Top of DATA RECORDS

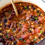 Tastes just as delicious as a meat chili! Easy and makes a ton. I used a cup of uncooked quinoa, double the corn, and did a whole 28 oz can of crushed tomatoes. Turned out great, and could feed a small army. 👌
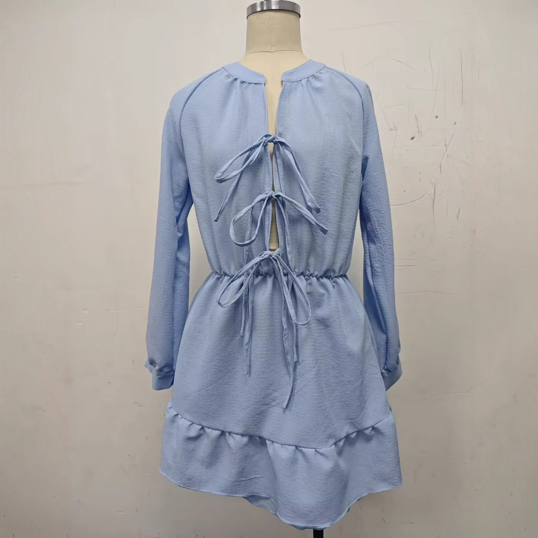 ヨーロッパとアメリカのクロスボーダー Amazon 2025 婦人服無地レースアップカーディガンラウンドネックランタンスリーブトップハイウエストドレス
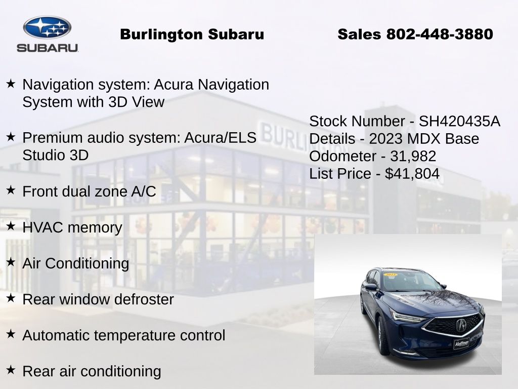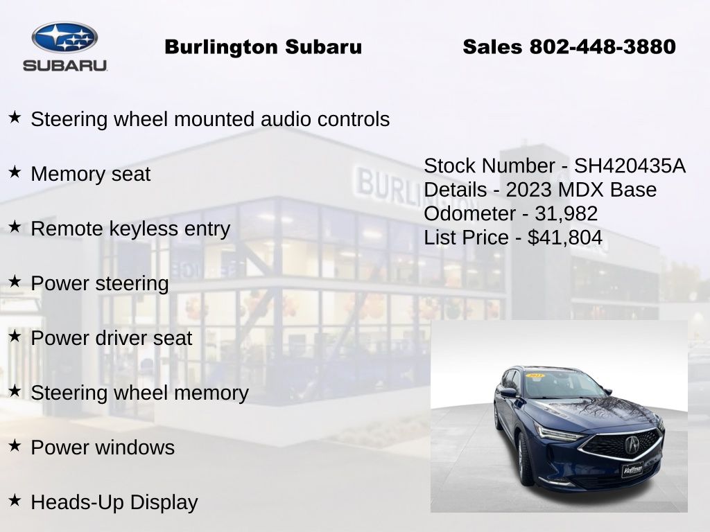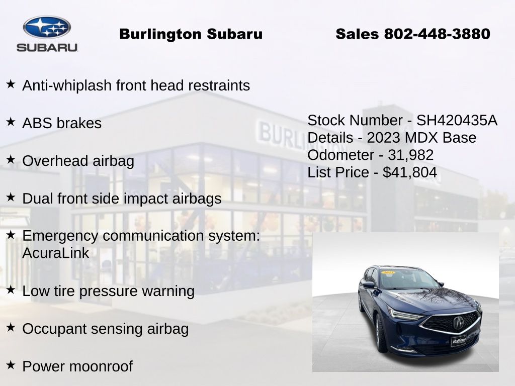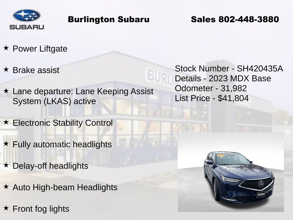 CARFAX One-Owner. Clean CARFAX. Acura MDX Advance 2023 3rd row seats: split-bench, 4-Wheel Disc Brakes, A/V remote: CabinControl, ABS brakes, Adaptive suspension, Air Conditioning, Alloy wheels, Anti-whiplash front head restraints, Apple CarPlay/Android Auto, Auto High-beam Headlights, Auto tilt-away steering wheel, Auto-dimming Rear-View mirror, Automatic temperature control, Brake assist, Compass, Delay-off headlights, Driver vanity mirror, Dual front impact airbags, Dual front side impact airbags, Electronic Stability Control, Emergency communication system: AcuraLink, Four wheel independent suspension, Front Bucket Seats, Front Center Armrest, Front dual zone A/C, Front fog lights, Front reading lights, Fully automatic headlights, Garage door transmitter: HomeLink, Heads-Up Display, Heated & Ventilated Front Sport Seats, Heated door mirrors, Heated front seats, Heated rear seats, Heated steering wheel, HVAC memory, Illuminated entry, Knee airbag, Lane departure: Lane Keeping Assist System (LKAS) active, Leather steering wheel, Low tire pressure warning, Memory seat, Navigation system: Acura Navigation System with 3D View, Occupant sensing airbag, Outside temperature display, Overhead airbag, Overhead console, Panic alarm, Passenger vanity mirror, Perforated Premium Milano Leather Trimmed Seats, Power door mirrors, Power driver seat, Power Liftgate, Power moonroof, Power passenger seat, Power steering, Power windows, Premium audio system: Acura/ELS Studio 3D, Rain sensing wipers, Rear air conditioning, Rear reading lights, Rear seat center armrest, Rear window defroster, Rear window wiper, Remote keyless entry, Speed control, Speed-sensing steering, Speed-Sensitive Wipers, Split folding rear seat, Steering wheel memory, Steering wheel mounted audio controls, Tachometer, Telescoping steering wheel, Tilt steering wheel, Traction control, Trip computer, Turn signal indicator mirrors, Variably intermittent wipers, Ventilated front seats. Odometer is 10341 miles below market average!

Bottom of DATA RECORDS
Top of DATA RECORDS

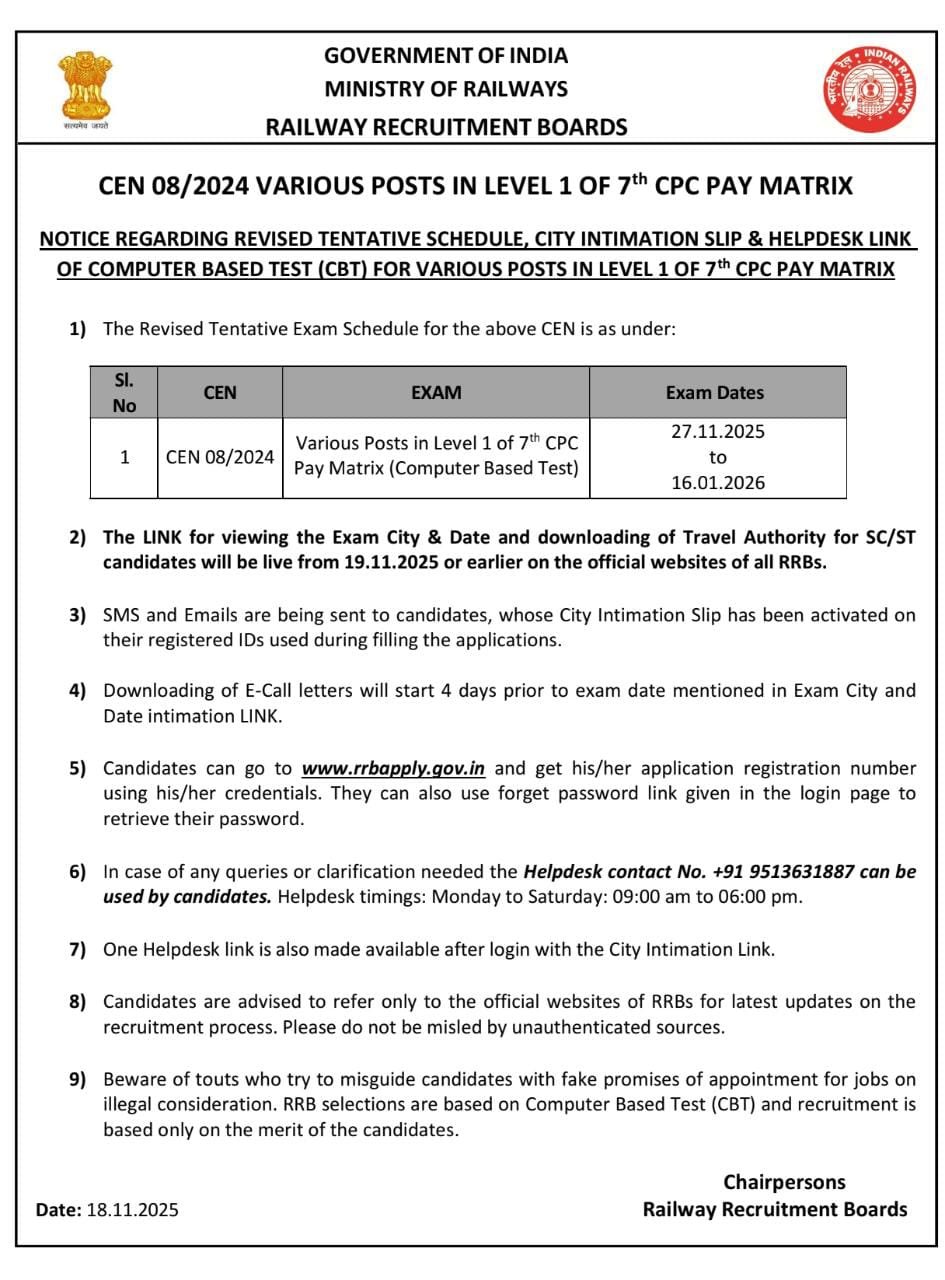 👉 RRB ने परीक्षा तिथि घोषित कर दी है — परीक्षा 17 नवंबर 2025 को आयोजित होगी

Bottom of DATA RECORDS

● **WHAT YOU ARE ASKED TO DO**
Your answer should be the exact lines above from the one containing "Tastes just as" through the one containing "ヨーロッパとアメリカのクロスボーダー Amazon 2025", with both end lines kept and the pictures removed, please.

● **YOUR SOLUTION**
 Tastes just as delicious as a meat chili! Easy and makes a ton. I used a cup of uncooked quinoa, double the corn, and did a whole 28 oz can of crushed tomatoes. Turned out great, and could feed a small army. 👌
 ヨーロッパとアメリカのクロスボーダー Amazon 2025 婦人服無地レースアップカーディガンラウンドネックランタンスリーブトップハイウエストドレス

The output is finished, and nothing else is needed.